"""
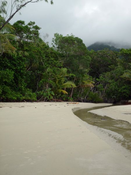 Wir bemerken wieder einmal die Warnschilder, die vor dem Boxjellyfish warnen. Die Quallen sind hier echt übel. An einer Stelle kommt ein kleiner Fluss aus dem Regenwald und fließt ins Meer.
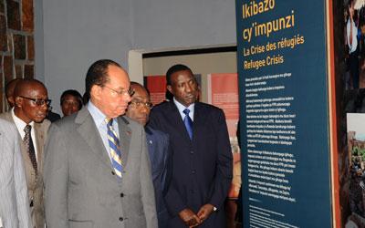 Senate President Jean Damascene Ntawukuliryayo (R) with visiting DR Congo Senators being conducted around Kigali Genocide Memorial Centre on Monday. Sunday Times/John Mbanda.
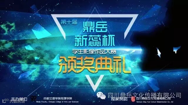 2016年6月14号在成都文理学院星空剧场将会迎来第十届新蕊杯盛大颁奖典礼,本次典礼依旧由成都文理学院传媒学院主办,鼎岳文化作为独家赞助商将与成都文理学院一起见证传媒学院的学子对于电影的热爱, 对于梦想的追求。
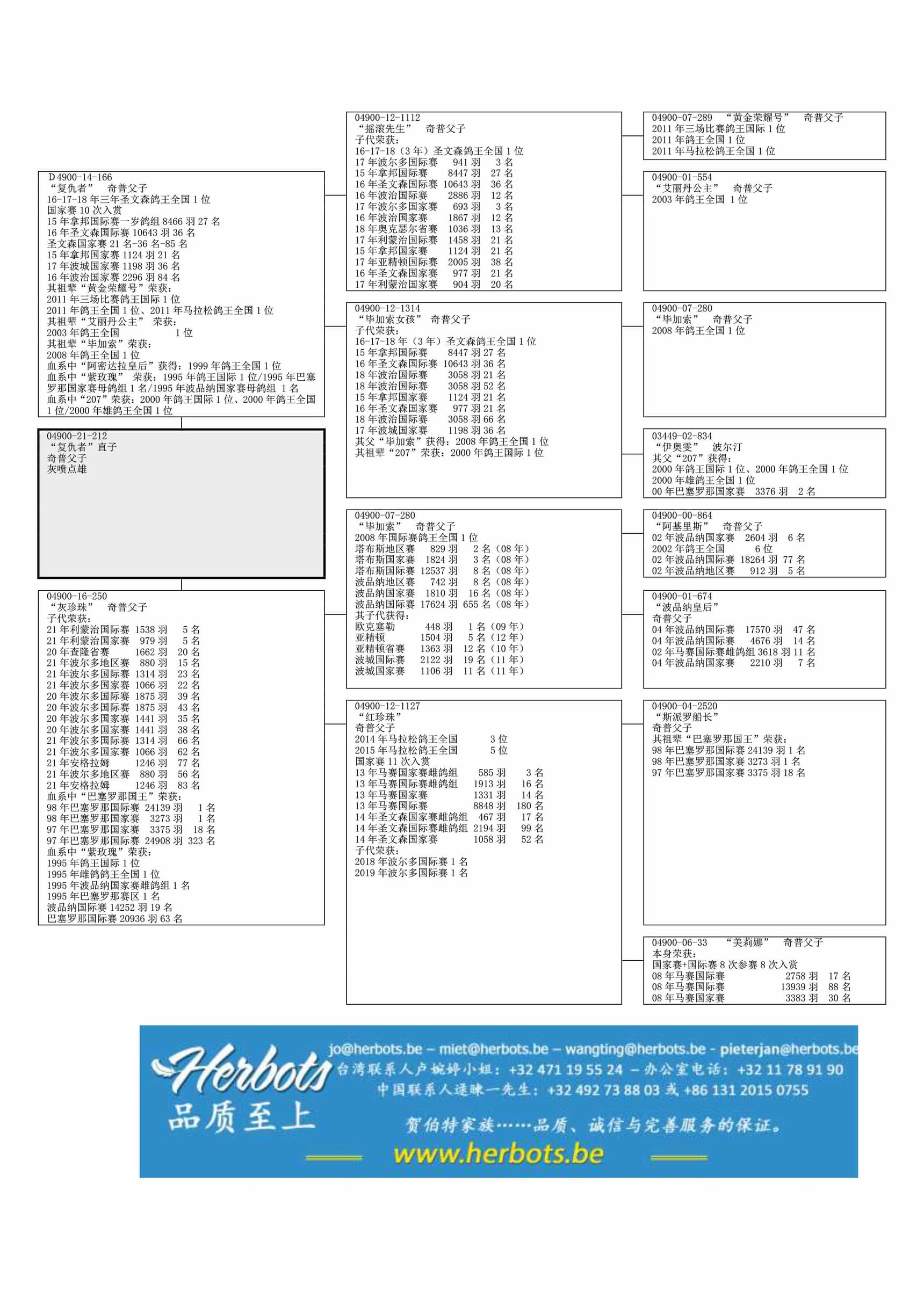 荣获: 2008年国际赛鸽王全国1位– 塔贝斯国际赛 12,537羽8名– 波品纳国家赛 1,810羽16名
"""
-- Task item --
Please copy the data above character for character, skipping any pictures.

-- Written solution --
 Wir bemerken wieder einmal die Warnschilder, die vor dem Boxjellyfish warnen. Die Quallen sind hier echt übel. An einer Stelle kommt ein kleiner Fluss aus dem Regenwald und fließt ins Meer.
 Senate President Jean Damascene Ntawukuliryayo (R) with visiting DR Congo Senators being conducted around Kigali Genocide Memorial Centre on Monday. Sunday Times/John Mbanda.
 2016年6月14号在成都文理学院星空剧场将会迎来第十届新蕊杯盛大颁奖典礼,本次典礼依旧由成都文理学院传媒学院主办,鼎岳文化作为独家赞助商将与成都文理学院一起见证传媒学院的学子对于电影的热爱, 对于梦想的追求。
 荣获: 2008年国际赛鸽王全国1位– 塔贝斯国际赛 12,537羽8名– 波品纳国家赛 1,810羽16名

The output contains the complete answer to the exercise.